In 1985, any time I needed any level of performance on my 1Mhz Apple //e, I still had to use assembly or when BASIC didn’t expose the functionality I needed. Mostly around double hires graphics and sound.

the__alchemist|11 months ago

This is a tangent, but perhaps relevant:

I think sending your LLM all relevant data structures (structs, enums, function signatures etc) is mandatory for any code-related queries. It will avoid problems like this; it seems required in many cases to get integratable results.

mystified5016|11 months ago

Embedded programming is still like this. Most people just don't inspect the assembly produced by their compiler. Unless you're working on an extremely mainstream chip with a bleeding edge compiler, your assembly is going to be absolutely full of complete nonsense.

For instance, if you aren't aware, AVR and most other uCs have special registers and instructions for pointers. Say you put a pointer to an array in Z. You can load the value at Z and increment or decrement the pointer as a single instruction in a single cycle.

GCC triples the cost of this operation with some extremely naive implementations.

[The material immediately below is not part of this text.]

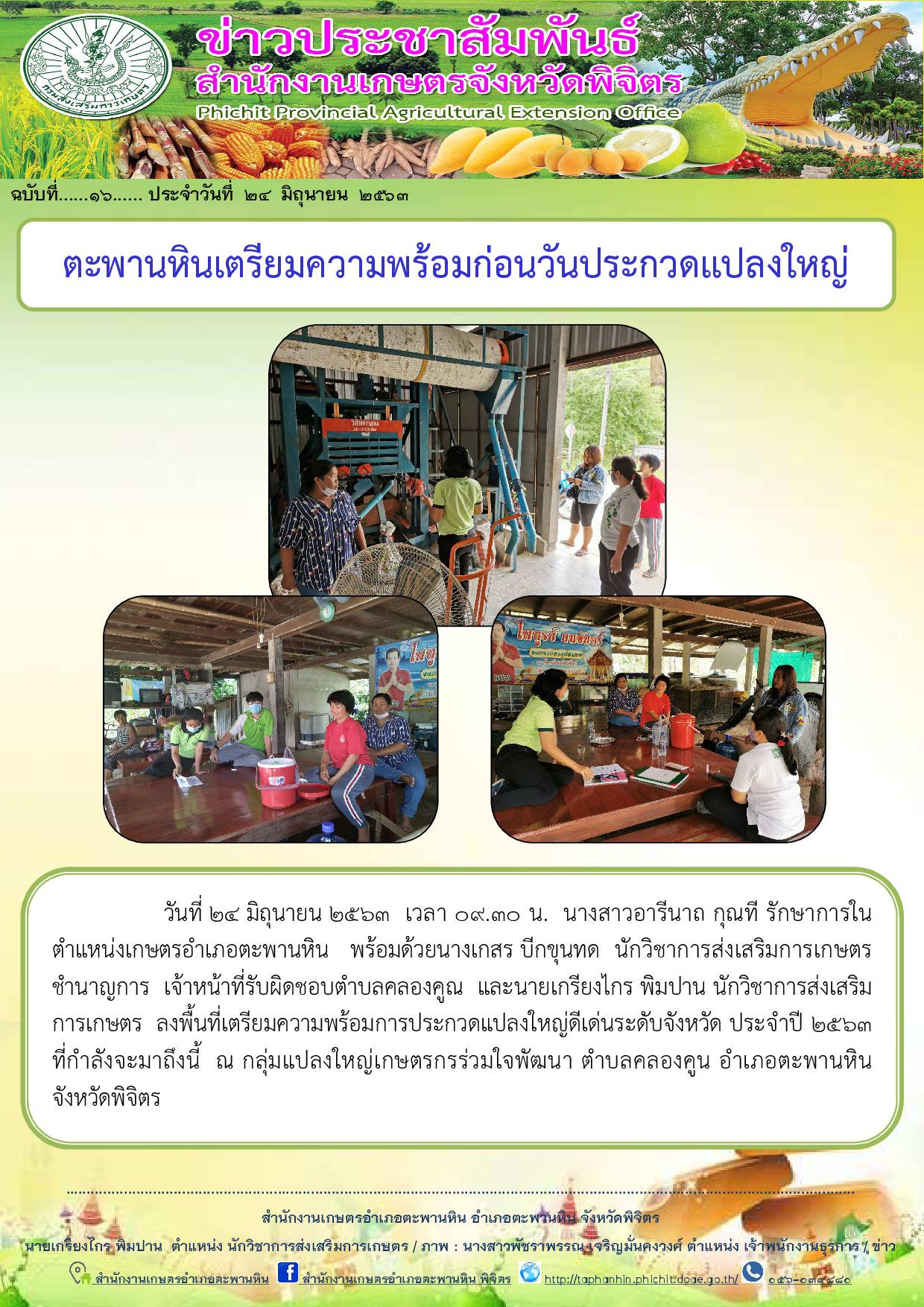 วันที่ 24 มิถุนายน 2563 เวลา 09.30 น. นางสาวอารีนาถ กุณที รักษาการในตำแหน่งเกษตรอำเภอตะพานหิน พร้อมด้วยนางเกสร บีกขุนทด นักวิชาการส่งเสริมการเกษตรชำนาญการ เจ้าหน้าที่รับผิดชอบตำบลคลองคูณ และนายเกรียงไกร พิมปาน นักวิชาการส่งเสริมการเกษตร ลงพื้นที่เตรียมความพร้อมการประกวดแปลงใหญ่ดีเด่นระดับจังหวัด ประจำปี 2563 ที่กำลังจะมาถึงนี้ ณ กลุ่มแปลงใหญ่เกษตรกรร่วมใจพัฒนา ตำบลคลองคูน อำเภอตะพานหิน จังหวัดพิจิตร

Instead of doing 'LD Z+' GCC gives you ``` inc Z ld Z dec Z ```

Among other similar annoyances. You can carefully massage the C++ code to get better assembly, but that can take many hours of crazy-making debugging. Sometimes it's best to just write the damn assembly by hand.

In this same project, I had to implement Morton ordering on a 3D bit field (don't ask). The C implementation was well over 200 instructions but by utilizing CPU features GCC doesn't know about, my optimized assembly is under 30 instructions.

Modern sky-high abstracted languages are the source of brain rot, not compilers or IDEs in general. Most programmers are completely and utterly detached from the system they're programming. I can't see how one could ever make any meaningful progress or optimization without any understanding of what the CPU actually does.

And this is why I like embedded. It's very firmly grounded in physical reality. My code is only slightly abstracted away from the machine itself. If I can understand the code, I understand the machine.

lukev|11 months ago

And this is appropriate for your domain and the jobs you work on.

If your job was to build websites, this would drive you insane.

I think I'm coming around to a similar position on AI dev tools: it just matters what you're trying to do. If it's a well known problem that's been done before, by all means. Claude Code is the new Ruby on Rails.

But if I need to do some big boy engineering to actually solve new problems, it's time to break out Emacs and get to work.

iuvcaw|11 months ago

The vast majority of time spent building software has little to do with optimization. Sky-high abstracted brain rot languages are useful precisely because usually you don’t need to worry about the type of details that you would if you were optimizing performance

And then if you are optimizing for performance, you can make an incredible amount of progress just fixing the crappy Java etc code before you need to drop down a layer of abstraction

Even hedge funds, which make money executing trades fractions of milliseconds quicker than others, use higher level languages and fix performance issues within those languages if needed

larve|11 months ago

As a long time embedded programmer, I don't understand this. Even 20 years ago, there is no way I really understood the machine, despite writing assembly and looking at compiler output.

10 years ago, running an arm core at 40 Mhz, I barely had the need to inspect my compiler's assembly. I still could roughly read things when I needed to (since embedded compilers tend to have bugs more regularly), but there's no way I could write assembly anymore. I had no qualms at the time using a massively inefficient library like arduino to try things out. If it works and the timing is correct, it works.

These days where I don't do embedded for work, I have no qualms writing my embedded projects in micropython. I want to build things, not micro optimize assembly.